-- Data excerpt follows --
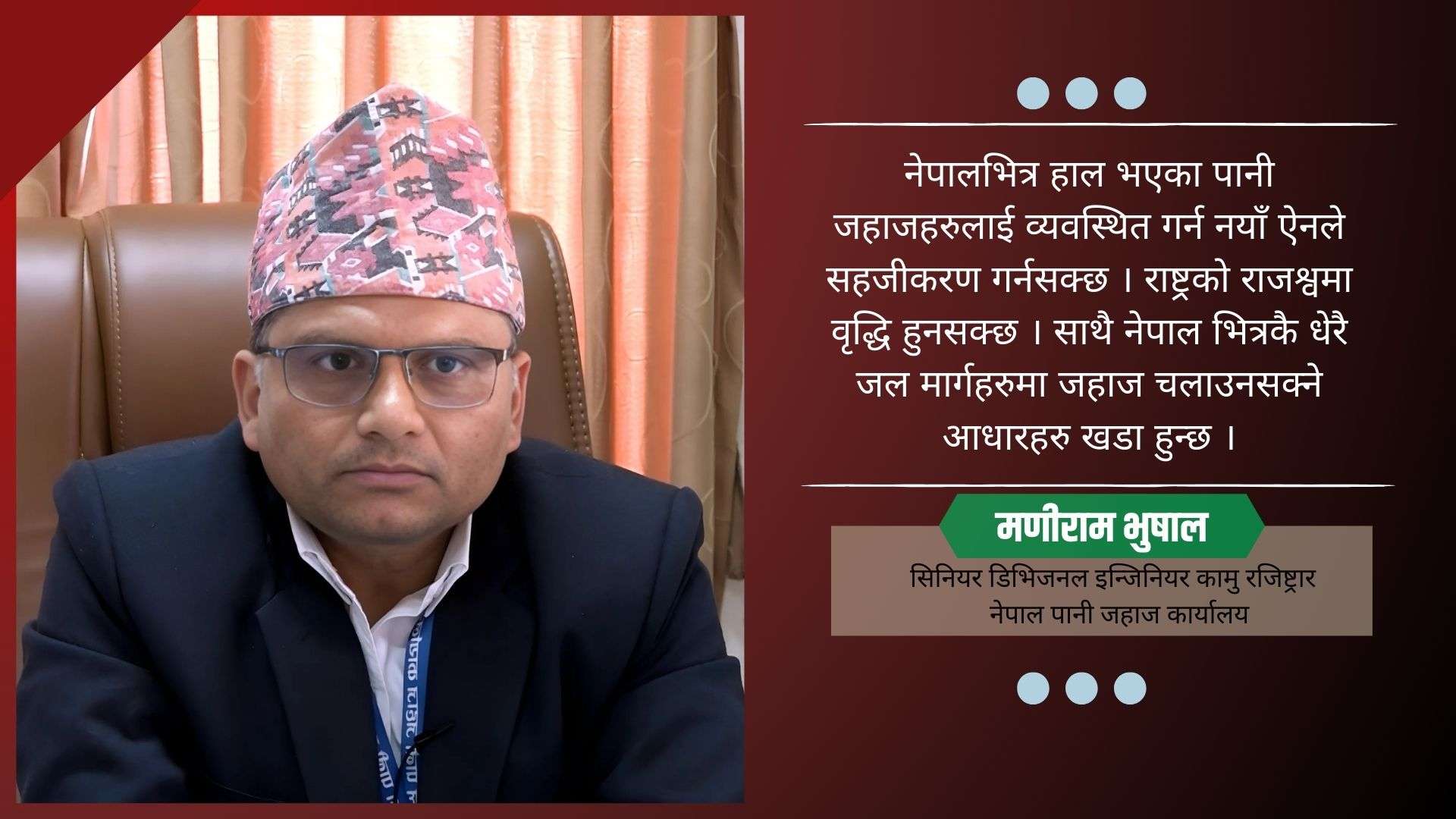 पानी जहाजको सञ्चालन थप व्यवस्थापन सम्बन्धि कानुनलाई संशोधन र एकीकरण गर्न बनेको विधेयक २०८१ राष्ट्रिय सभाबाट सैद्धान्तिक छलफलबाट पास भएर दफावार छलफलमा जाँदैछ । यसले उत्साहित बनाएको छ । हुनत पानीजहाज सम्बन्धि ऐन २०२७ सालमा नै आएको थियो । कानुनी व्यवस्थाहरु पनि थिए तर त्यो अपुग थियो । त्यही भएर अहिले नयाँ सञ्चालन तथा व्यवस्थापन सम्बन्धी संशोधन गर्न बनेको विधेयक आएको हो । अब राष्ट्रिय सभाबाट पास पारित भएपछि ऐन बन्छ र पानी जहाज थप सहजका साथ संचालनका लागि काम गर्ने बाटो खुल्नेछ ।
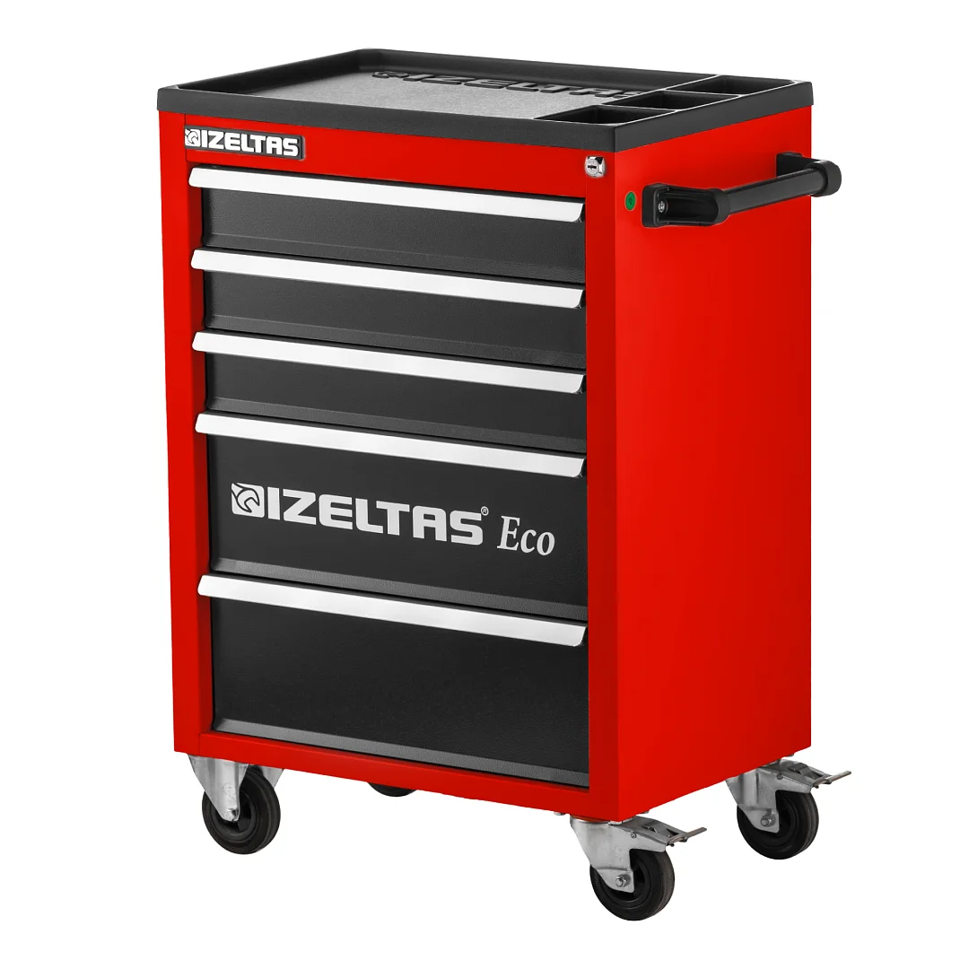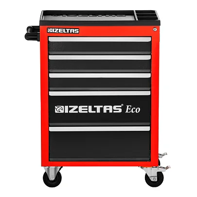 Тележка инструментальная серии ECO с набором инструментов 93 предмета, 5 выдвижных ящиков, красно-черный, IZELTAS, 8243001096, 13000002440
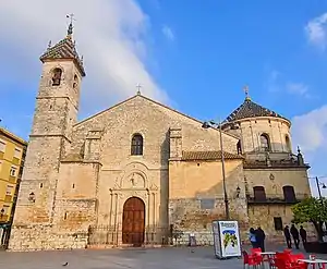 El templo posee tres portadas: la portada de la Virgen o de Umbría, orientada al norte, consta de un vano de acceso adintelado de perfil mixtilíneo sobre el cual se sitúa un frontón curvo en cuyo tímpano, bajo dosel calado gótico, figura una escultura de la Virgen con el Niño. La portada de San Miguel o del Sol, orientada al sur, es de composición similar a la anterior, aunque la cardina gótica que aparece como elemento decorativo en la de la Virgen, es sustituida aquí por grutescos renacentistas. Ostenta el escudo de la Casa de Comares flanqueado por figuras femeninas y en el tímpano la imagen de San Miguel.
-- Data excerpt concluded --
What the task requires >> Output the data exactly as it appears. The pictures do not belong in it.

Task solution >>
 पानी जहाजको सञ्चालन थप व्यवस्थापन सम्बन्धि कानुनलाई संशोधन र एकीकरण गर्न बनेको विधेयक २०८१ राष्ट्रिय सभाबाट सैद्धान्तिक छलफलबाट पास भएर दफावार छलफलमा जाँदैछ । यसले उत्साहित बनाएको छ । हुनत पानीजहाज सम्बन्धि ऐन २०२७ सालमा नै आएको थियो । कानुनी व्यवस्थाहरु पनि थिए तर त्यो अपुग थियो । त्यही भएर अहिले नयाँ सञ्चालन तथा व्यवस्थापन सम्बन्धी संशोधन गर्न बनेको विधेयक आएको हो । अब राष्ट्रिय सभाबाट पास पारित भएपछि ऐन बन्छ र पानी जहाज थप सहजका साथ संचालनका लागि काम गर्ने बाटो खुल्नेछ ।
 Тележка инструментальная серии ECO с набором инструментов 93 предмета, 5 выдвижных ящиков, красно-черный, IZELTAS, 8243001096, 13000002440
 El templo posee tres portadas: la portada de la Virgen o de Umbría, orientada al norte, consta de un vano de acceso adintelado de perfil mixtilíneo sobre el cual se sitúa un frontón curvo en cuyo tímpano, bajo dosel calado gótico, figura una escultura de la Virgen con el Niño. La portada de San Miguel o del Sol, orientada al sur, es de composición similar a la anterior, aunque la cardina gótica que aparece como elemento decorativo en la de la Virgen, es sustituida aquí por grutescos renacentistas. Ostenta el escudo de la Casa de Comares flanqueado por figuras femeninas y en el tímpano la imagen de San Miguel.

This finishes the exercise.